I know how to do it and it works as expected. However, I won't use this implementation, but use an object to save this information, and hopefully use an "official approved" method to store the data as well.

However, as I want a clean architecture for this extension, the subtasks should be resolved first. They are kind of required to implement this cleanly.

MGChecker changed the subtype of this task from "Task" to "Feature Request".Mar 1 2019, 11:35 PM
MGChecker unsubscribed.
MGChecker subscribed.

Should these variables be only available at the same scope, or also on the child scopes? I would have a strong preference for the first option.

As I already noticed four and a half years ago (yikes) in T221457, introducing a possibility to define local constants would then be worthwhile as well. However, this would raise the question how lconstdefine would be handled on its second call. It could silently do nothing, print an error, etc. Do you have any opinions on this? In any case, getting some input from the Parsoid crew would be necessary to figure out which strategies could be promising and which not.

Should these variables be only available at the same scope, or also on the child scopes? I would have a strong preference for the first option.

I agree. If you need to pass state to a child scope (a template being called in your current scope), pass it explicitly as a parameter. If there are scenarios that would be affected by this that aren't a child template, I'm not aware of them and would need to see an example.

I don't know anything about lconstdefine and therefore don't have an opinion about how to handle second/additional calls to it.

Just to maybe give some ideas, what we do in our homebrew extension is to have all variables local to the frame (template) they're created in, but then we also have a #inherit function to pull in a variable from the parent or higher frame (climbing up until it finds the variable or runs out of frames). This is tremendously useful to act as a pseudo-setting, like setting "showweight" to 1 on the page, then repeatedly calling a template that can optionally show a weight column. It really adds up when there are dozens or even hundreds of calls where you don't have to add |showweight=1 every time. While much less used, we also have a #return function that sets variables on the frame one higher than where the #return was called from, assuming it's not already a top-level frame.

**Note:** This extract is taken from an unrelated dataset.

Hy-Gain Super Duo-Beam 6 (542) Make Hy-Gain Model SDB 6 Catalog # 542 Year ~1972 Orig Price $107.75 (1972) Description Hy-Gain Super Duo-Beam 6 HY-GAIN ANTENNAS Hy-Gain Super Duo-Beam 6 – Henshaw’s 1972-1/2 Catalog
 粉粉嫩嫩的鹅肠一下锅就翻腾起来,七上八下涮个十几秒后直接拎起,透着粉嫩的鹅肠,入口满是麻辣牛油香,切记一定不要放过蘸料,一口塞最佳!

That all being said, this all relies on a similar frame-like structure that has access to its parent always being in use. So far, that seems like it'll be the case for both the legacy parser and Parsoid, so we're probably good on that front. The inherent problem with Parsoid, though, is the parallelism, as already noted on the Variables page on MW.

Also, in terms of how we have our variables reliably at frame scope, we're using the built-in variable system. Thus, {{#define:animal|dog}} {{{animal}}} produces "dog" if nothing was passed, but "cat" if the template was called with |animal=cat. The code is here, if you want to have a look at it: https://github.com/RobinHood70/MetaTemplate/tree/main/MetaTemplate

I am unsure if this is the right space to bring it up, but I was recently reminded by @Pppery that dynamic properties are deprecated in PHP 8.2 and who knows when they will be disallowed.

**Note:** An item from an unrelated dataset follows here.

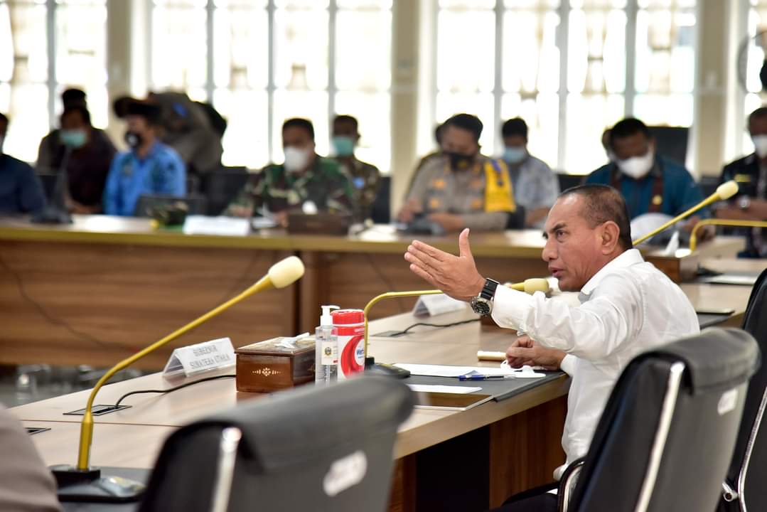 “Kita tidak ingin hal-hal yang negatif mencederai demokrasi di Sumut,” kata Edy Rahmayadi usai rapat evaluasi PSU Pilkada Serentak Tahun 2020 di Aula Tengku Rizal Nurdin, Jalan Sudirman Nomor 41, Medan, Jumat (16/4/2021).

This is a problem for the current version of Variables, which attaches a dynamic property (mExtVariables) to the Parser.

The best alternative I can think of is to rely on some combination of Parser::setExtensionData() and Parser::appendExtensionData(), which is a little convoluted but may be our best option. I took the liberty to update the documentation over on the MediaWiki website: https://www.mediawiki.org/wiki/Manual:Extension_data#Advanced

Previously, we were allowed to use Parser::setExtensionData() but the use of that method to modify/destroy/reset values is deprecated (although MW 1.42 does not complain yet).

@RobinHood70 I haven't had time to look at your work but that looks interesting.